▸ Material provided
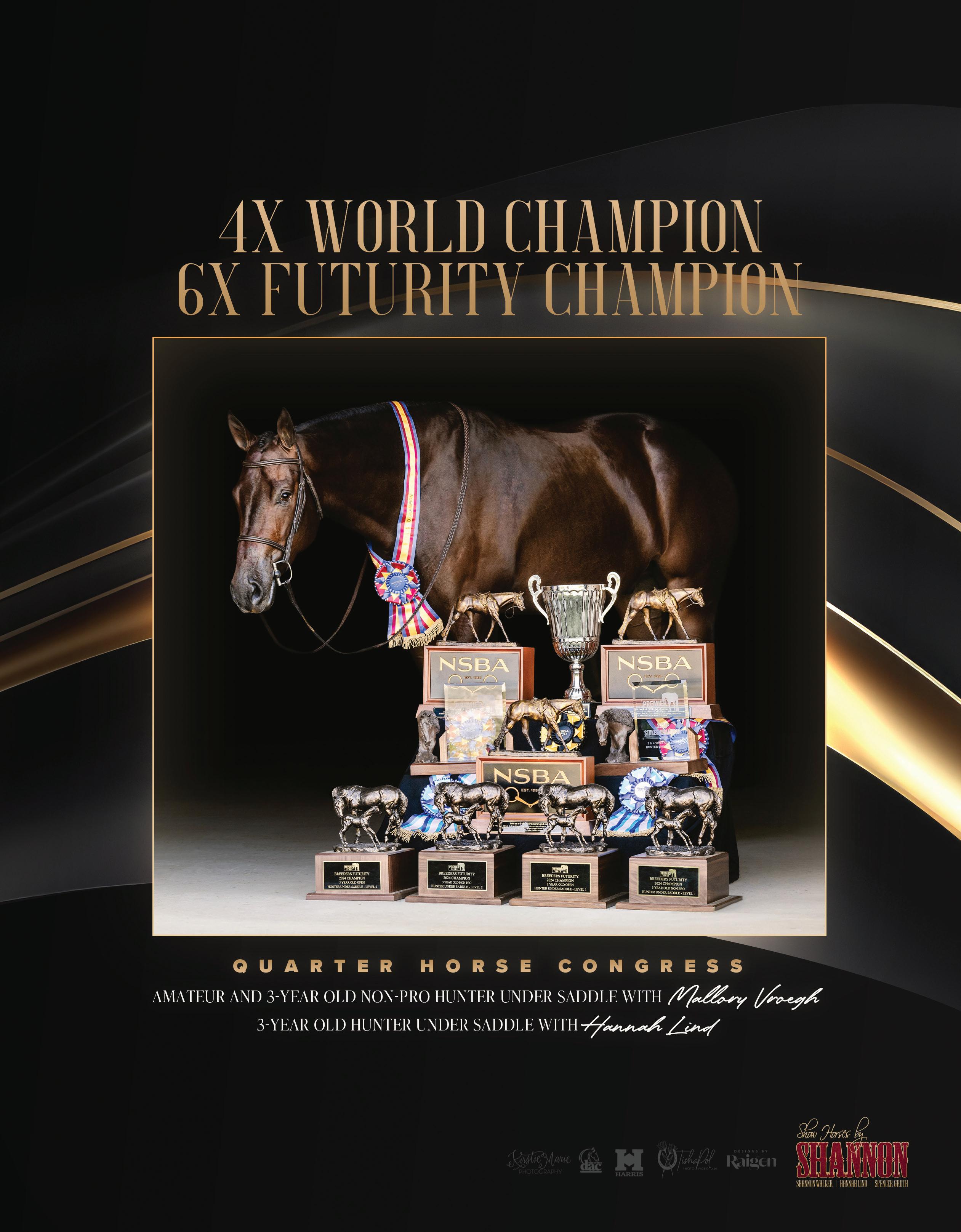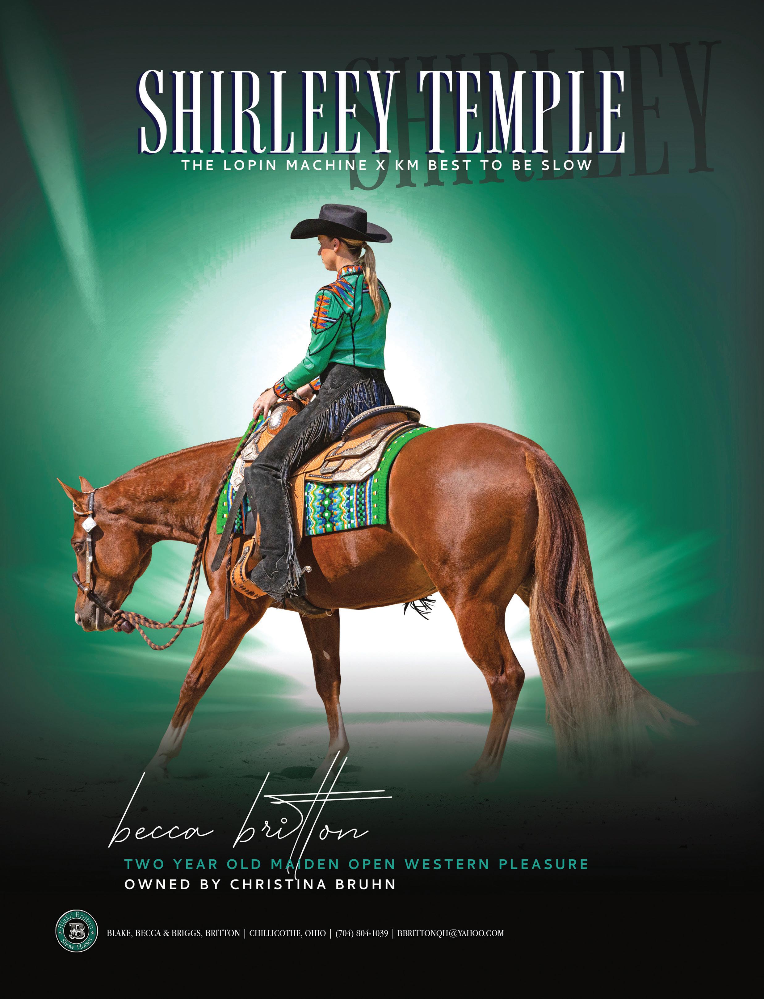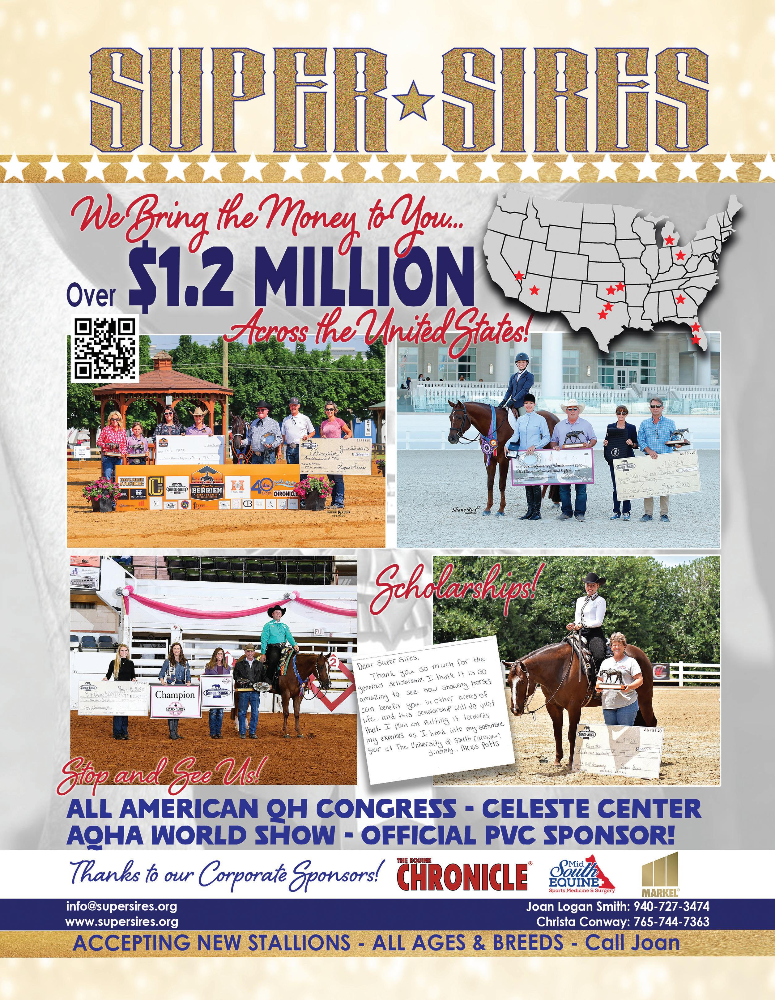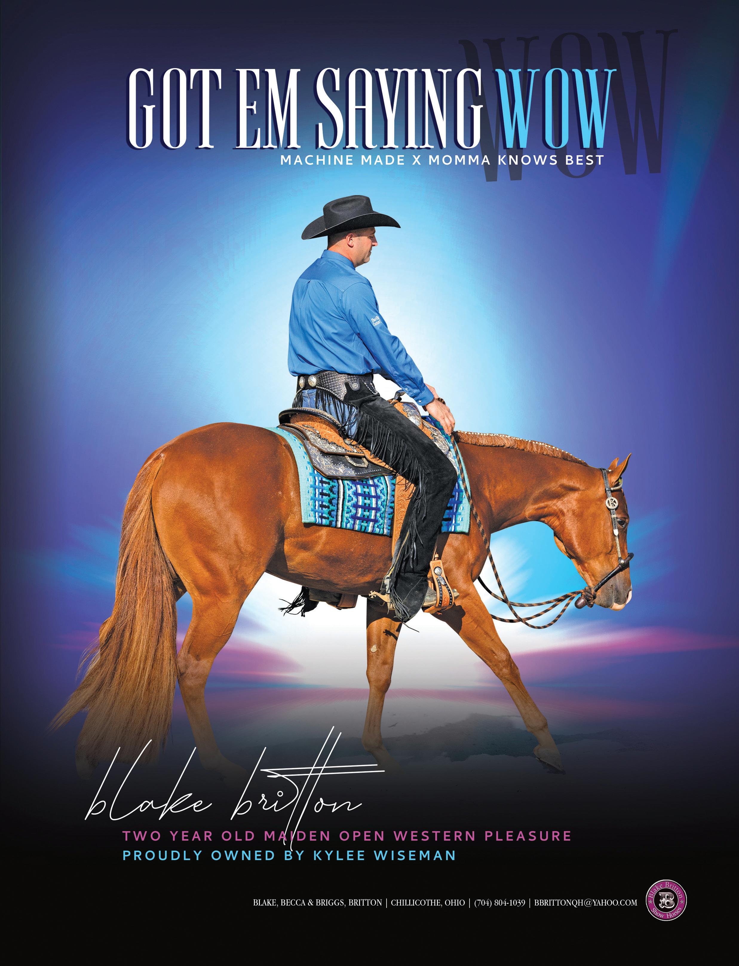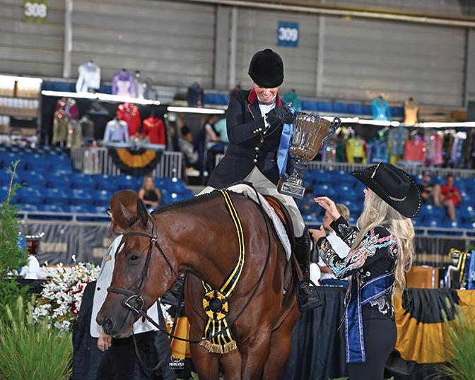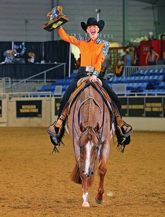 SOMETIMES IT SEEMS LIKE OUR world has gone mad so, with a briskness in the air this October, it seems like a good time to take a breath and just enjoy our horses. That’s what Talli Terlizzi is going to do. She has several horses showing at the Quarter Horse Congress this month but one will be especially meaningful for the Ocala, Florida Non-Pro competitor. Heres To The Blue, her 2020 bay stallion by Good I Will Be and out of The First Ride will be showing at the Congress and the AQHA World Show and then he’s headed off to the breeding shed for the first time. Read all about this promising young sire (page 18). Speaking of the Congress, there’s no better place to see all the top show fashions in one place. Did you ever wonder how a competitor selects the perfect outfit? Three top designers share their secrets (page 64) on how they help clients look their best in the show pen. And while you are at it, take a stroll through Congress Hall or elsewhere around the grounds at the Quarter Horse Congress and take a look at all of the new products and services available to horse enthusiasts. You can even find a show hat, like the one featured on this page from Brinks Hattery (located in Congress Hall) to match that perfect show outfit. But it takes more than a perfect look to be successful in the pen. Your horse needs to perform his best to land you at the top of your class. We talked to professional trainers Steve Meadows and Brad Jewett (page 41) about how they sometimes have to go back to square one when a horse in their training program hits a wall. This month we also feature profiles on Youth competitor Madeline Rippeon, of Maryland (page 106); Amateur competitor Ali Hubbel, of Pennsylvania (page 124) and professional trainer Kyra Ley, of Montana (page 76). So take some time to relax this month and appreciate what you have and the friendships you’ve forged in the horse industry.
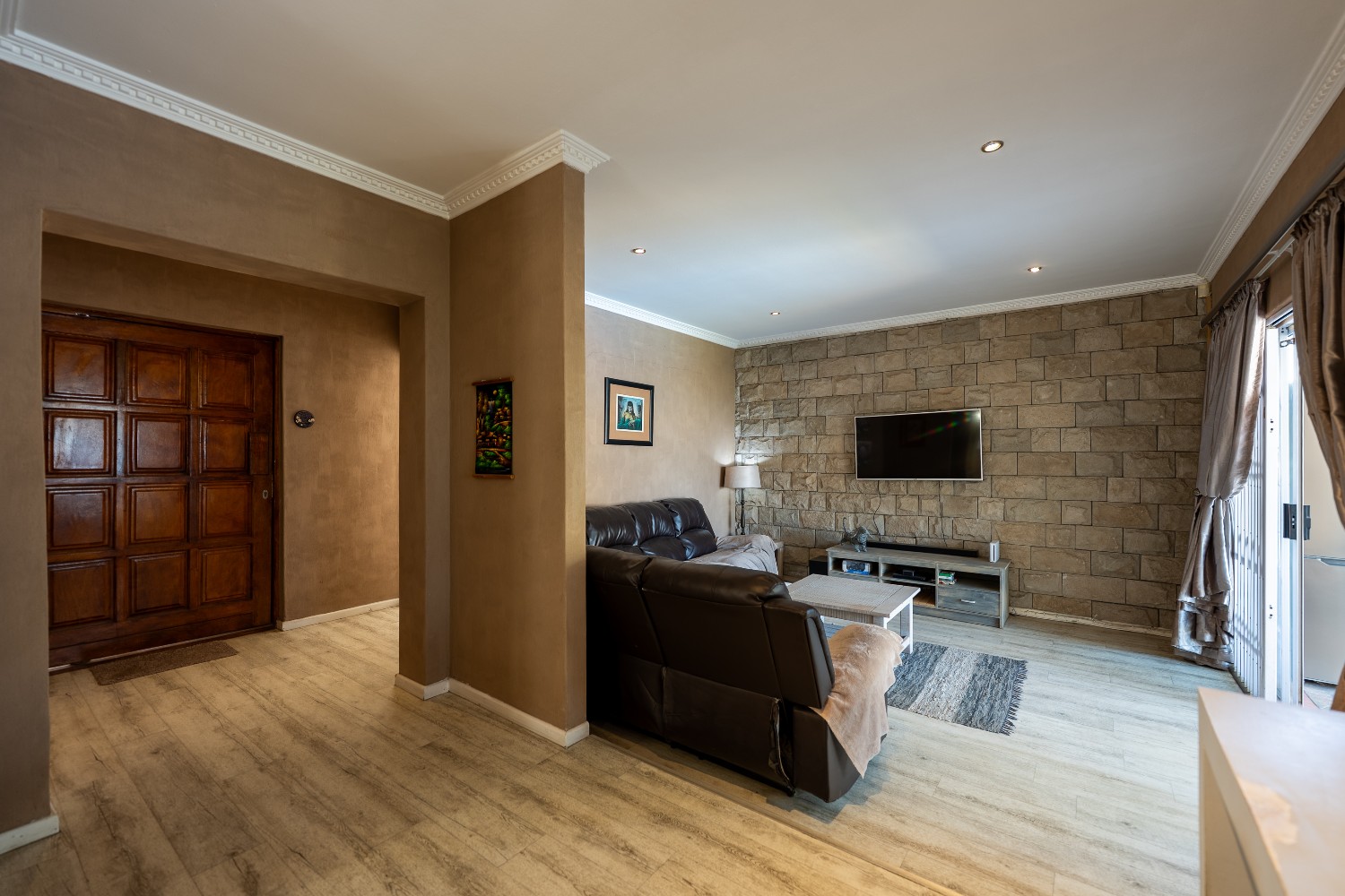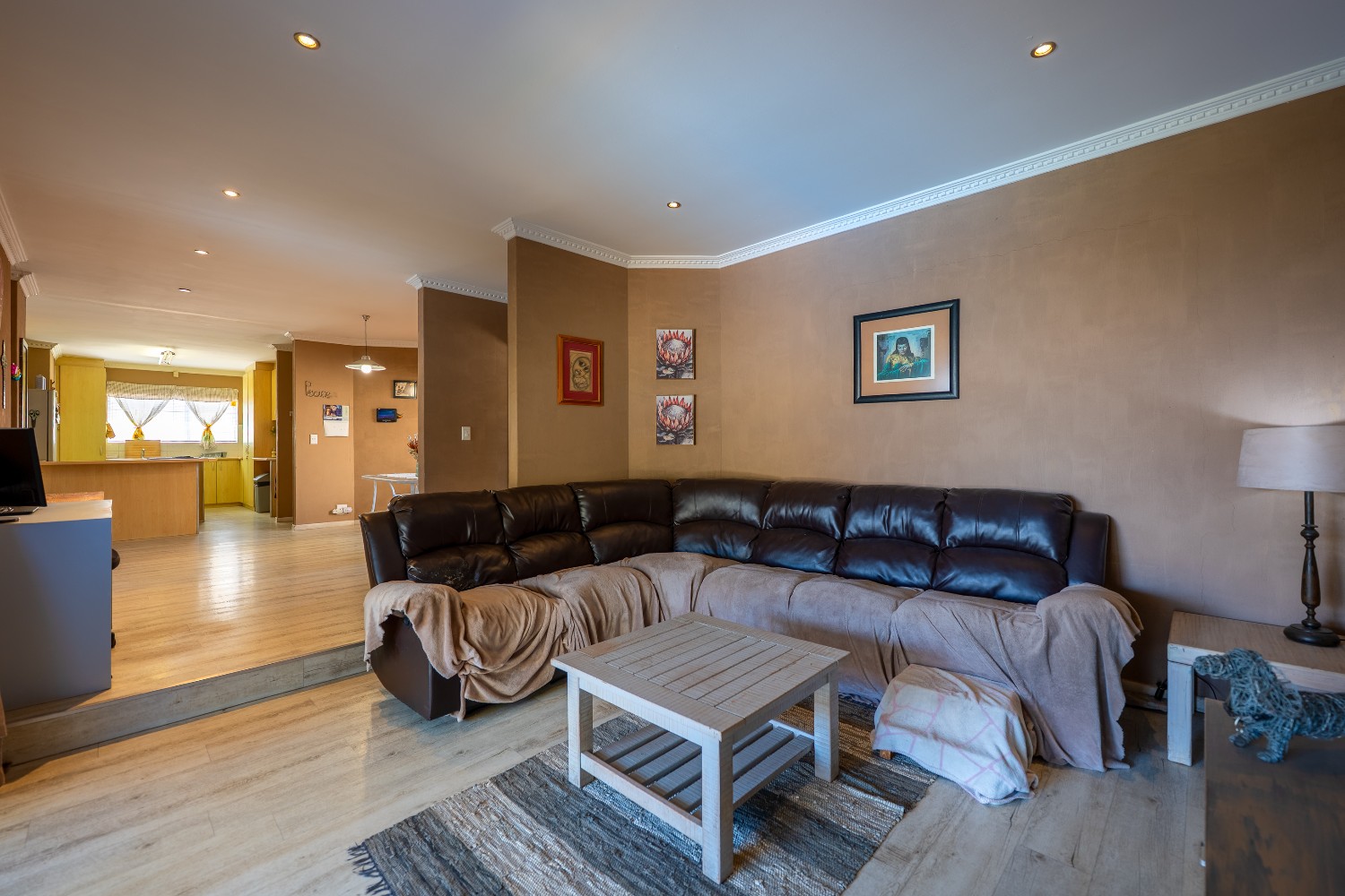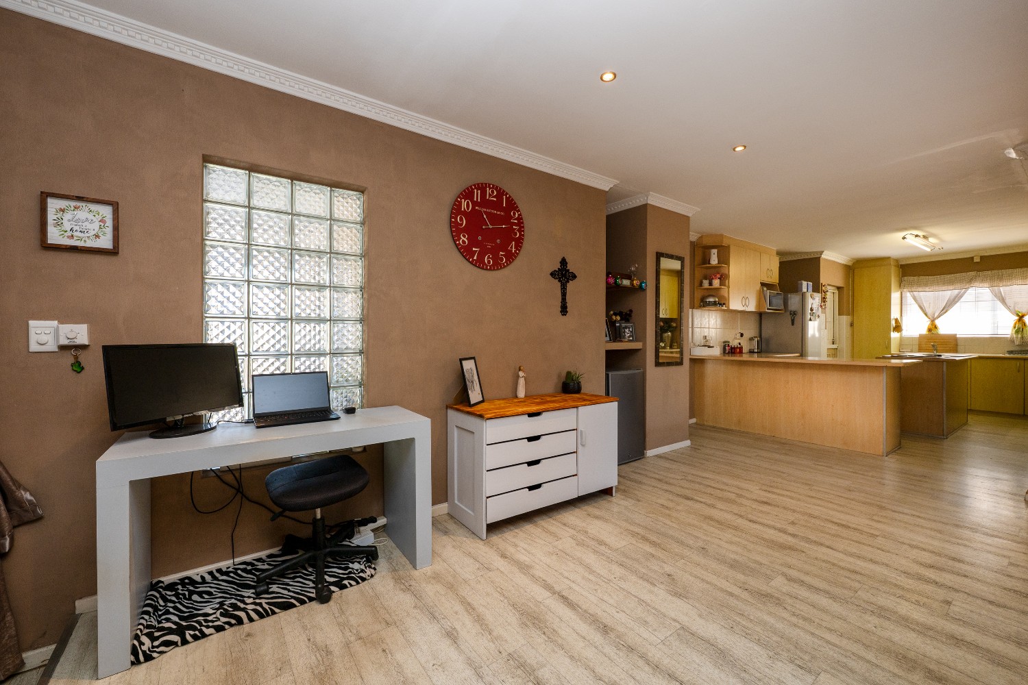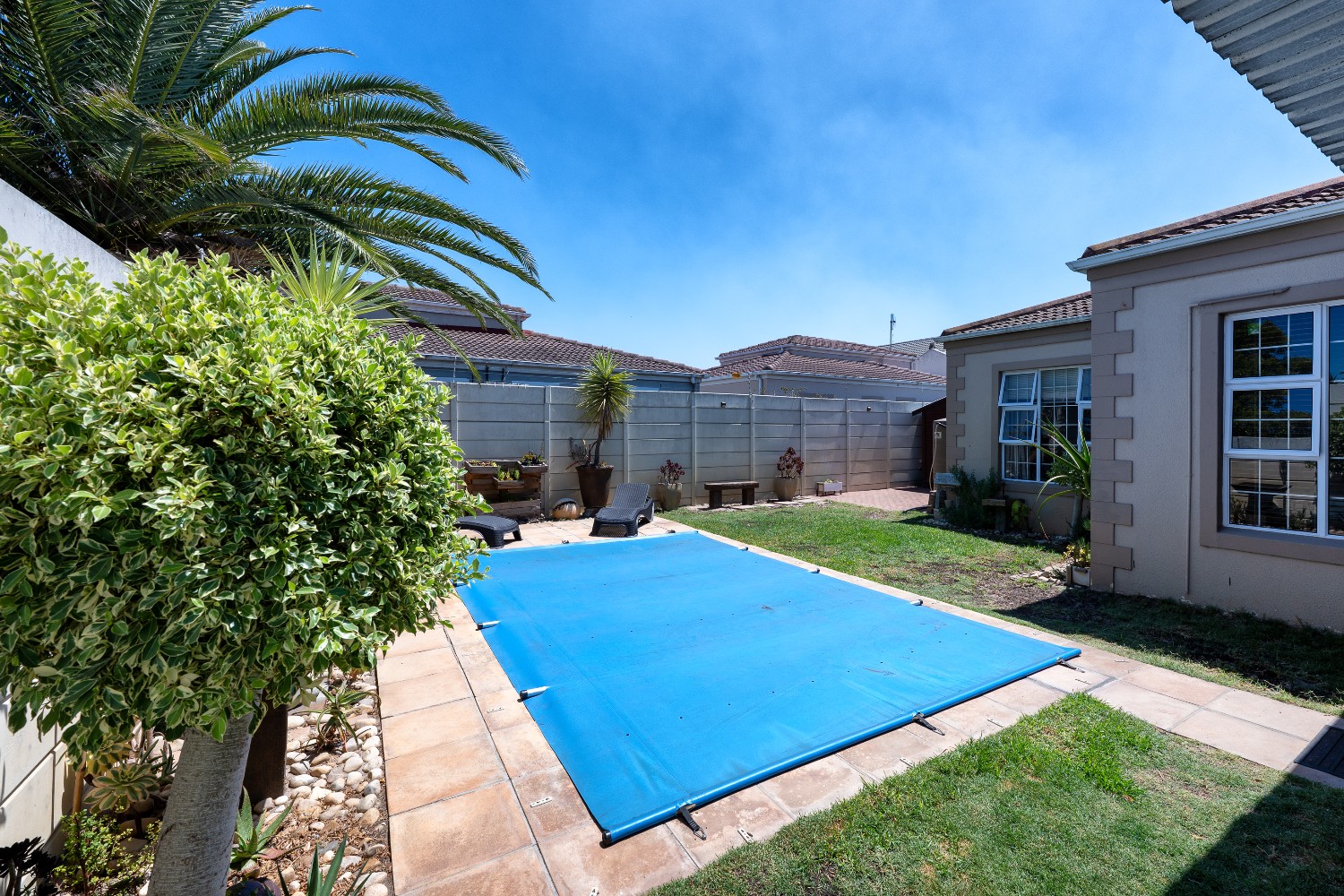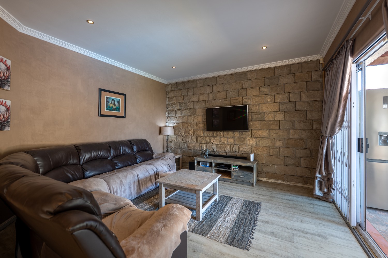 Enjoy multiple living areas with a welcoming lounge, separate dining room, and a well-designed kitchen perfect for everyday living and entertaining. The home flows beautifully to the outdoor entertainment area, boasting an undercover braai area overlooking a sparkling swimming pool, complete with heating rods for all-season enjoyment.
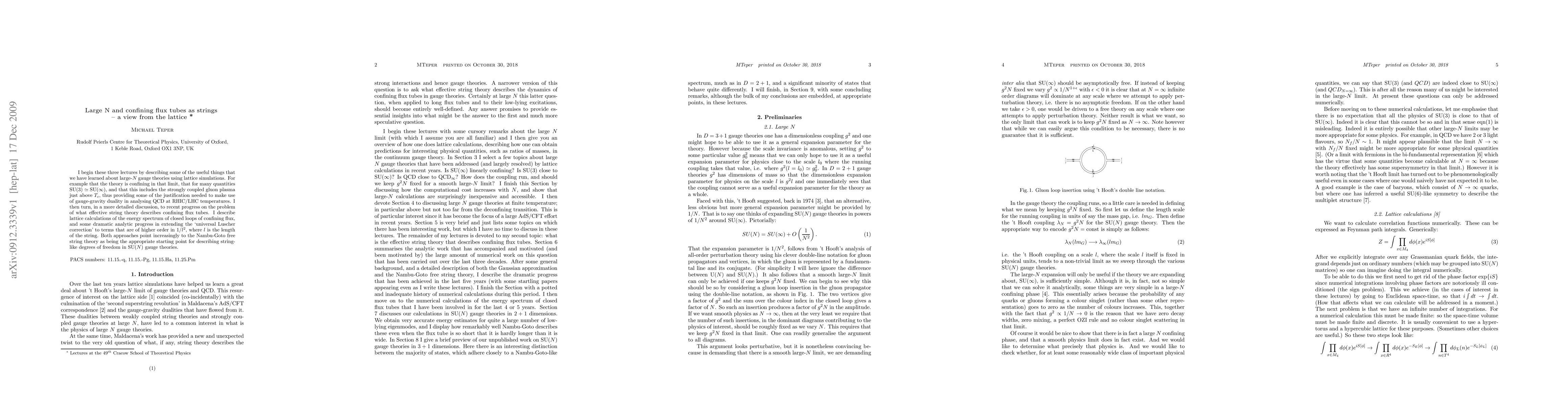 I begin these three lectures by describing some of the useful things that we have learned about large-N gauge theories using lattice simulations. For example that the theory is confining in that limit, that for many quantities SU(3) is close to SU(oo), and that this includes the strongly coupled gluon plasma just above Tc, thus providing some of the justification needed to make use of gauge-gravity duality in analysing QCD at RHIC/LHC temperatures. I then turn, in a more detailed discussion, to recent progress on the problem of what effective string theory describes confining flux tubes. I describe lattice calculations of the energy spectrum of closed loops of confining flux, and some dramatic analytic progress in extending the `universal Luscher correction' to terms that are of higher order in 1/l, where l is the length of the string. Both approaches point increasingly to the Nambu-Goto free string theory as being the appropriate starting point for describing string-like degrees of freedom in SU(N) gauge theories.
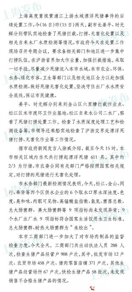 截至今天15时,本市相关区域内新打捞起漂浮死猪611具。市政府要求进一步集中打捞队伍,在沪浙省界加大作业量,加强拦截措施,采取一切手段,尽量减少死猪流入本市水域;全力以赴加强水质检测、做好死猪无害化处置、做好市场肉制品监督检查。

▸ What to work on
Using the listing above, write out exactly the lines from the one that holds "I begin these" through the last line, both included, and omit pictures.

▸ Answer for the task
 I begin these three lectures by describing some of the useful things that we have learned about large-N gauge theories using lattice simulations. For example that the theory is confining in that limit, that for many quantities SU(3) is close to SU(oo), and that this includes the strongly coupled gluon plasma just above Tc, thus providing some of the justification needed to make use of gauge-gravity duality in analysing QCD at RHIC/LHC temperatures. I then turn, in a more detailed discussion, to recent progress on the problem of what effective string theory describes confining flux tubes. I describe lattice calculations of the energy spectrum of closed loops of confining flux, and some dramatic analytic progress in extending the `universal Luscher correction' to terms that are of higher order in 1/l, where l is the length of the string. Both approaches point increasingly to the Nambu-Goto free string theory as being the appropriate starting point for describing string-like degrees of freedom in SU(N) gauge theories.
 截至今天15时,本市相关区域内新打捞起漂浮死猪611具。市政府要求进一步集中打捞队伍,在沪浙省界加大作业量,加强拦截措施,采取一切手段,尽量减少死猪流入本市水域;全力以赴加强水质检测、做好死猪无害化处置、做好市场肉制品监督检查。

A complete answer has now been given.